Trump Organization found in criminal contempt in tax fraud case

A New York judge found the Trump Organization in criminal contempt, saying it had "willfully disobeyed" his orders and withheld evidence in the tax fraud case against it, a person familiar with the matter said.

New York State Supreme Court Justice Juan Merchan, who presided over the trial of two Trump Organization companies convicted on Dec. 6 — Trump Corp. and Trump Payroll Corp. — unsealed the year-old ruling on Tuesday. In it, he found the business had disobeyed three orders he issued as part of a grand jury investigation led by the Manhattan district attorney's office. He imposed a $4,000 fine.

While the name of the entity he found in contempt was redacted in the ruling, it is the Trump Organization, said the person, who spoke on the condition of anonymity because the matter isn't public. 
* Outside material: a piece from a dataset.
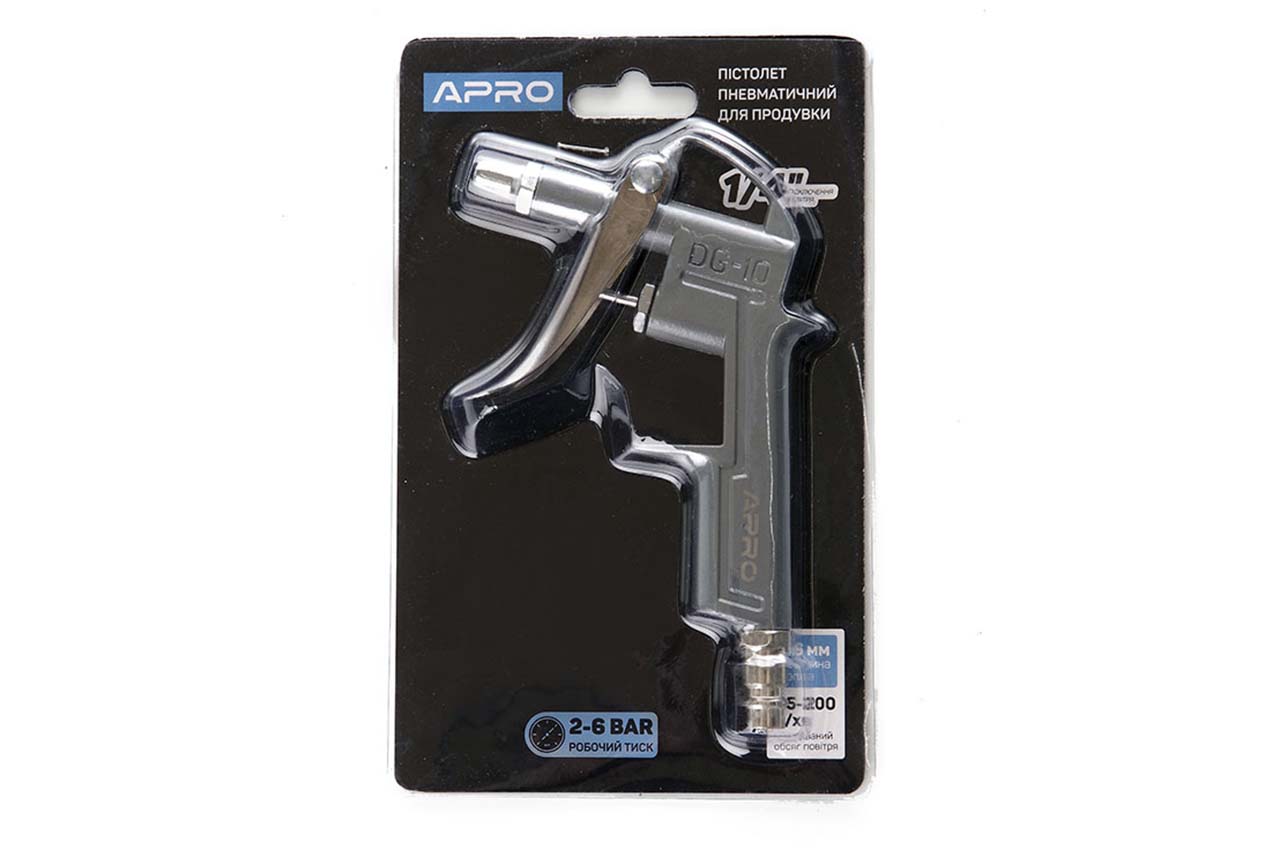 Пистолет пневматический для продувки Apro - используется для очистки поверхностей от пыли. Область применения: автосервисы, гаражи, станции технического обслуживания автомобилей. Пневматическое соединение 1/4"; Рабочее давление 4-6 Бар; Расход воздуха 200 л/мин
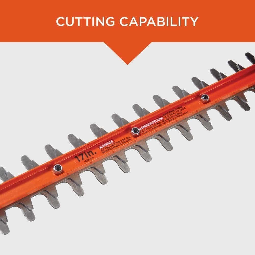Equipped with a dual-action hardened steel blade, this hedge trimmer delivers smoother, cleaner cuts with reduced vibration. The powerful motor provides efficient cutting performance, helping you tackle branches up to 5/8 inch thick with confidence. This combination of power and precision makes it ideal for routine lawn care and detailed hedge shaping.

"There comes a time when a court must enforce its authority," Merchan said in the Dec. 8, 2021, order. "In this matter, that time is now."

Susan Necheles, a lawyer for Trump Corp., and Alan Futerfas, a lawyer for Trump Payroll Corp., didn't immediately return emails and voicemails seeking comment on the ruling.

trump-tower.jpg
Trump Tower in New York
Michael Nagle/Bloomberg

Tuesday's unsealing solved something of a mystery that presented itself this Dec. 5, the day the jurors got the case after a monthlong trial in lower Manhattan. After they filed out of the courtroom to begin their deliberations, Merchan told the lawyers he was releasing a ruling he had kept sealed to "ensure that the defendants would not be prejudiced in any way." 

Adding a touch of extra drama to the moment, the judge said "the issues covered in that opinion are of significant public concern." 

Merchan, who held a one-day trial on the matter without a jury last year, found the Trump Organization had "willfully withheld" evidence. He said in the ruling that prosecutors had asked him to impose "coercive sanctions" on the business of as much as $60,000 a day but that he had "exercised restraint" and instead merely warned it to comply.

But the firm repeatedly gave "one excuse after another," failing to turn over hundreds of pages of evidence sought by the grand jury, an act of defiance the judge called "inexcusable." In one instance, it didn't turn over documents related to a witness until three days after she testified before the grand jury, he said.

The court "must now compel respect for its mandates to protect the integrity of the grand jury investigation," Merchan ruled.

The case is People v. Trump Organization, 01473-2021, New York State Supreme Court (Manhattan).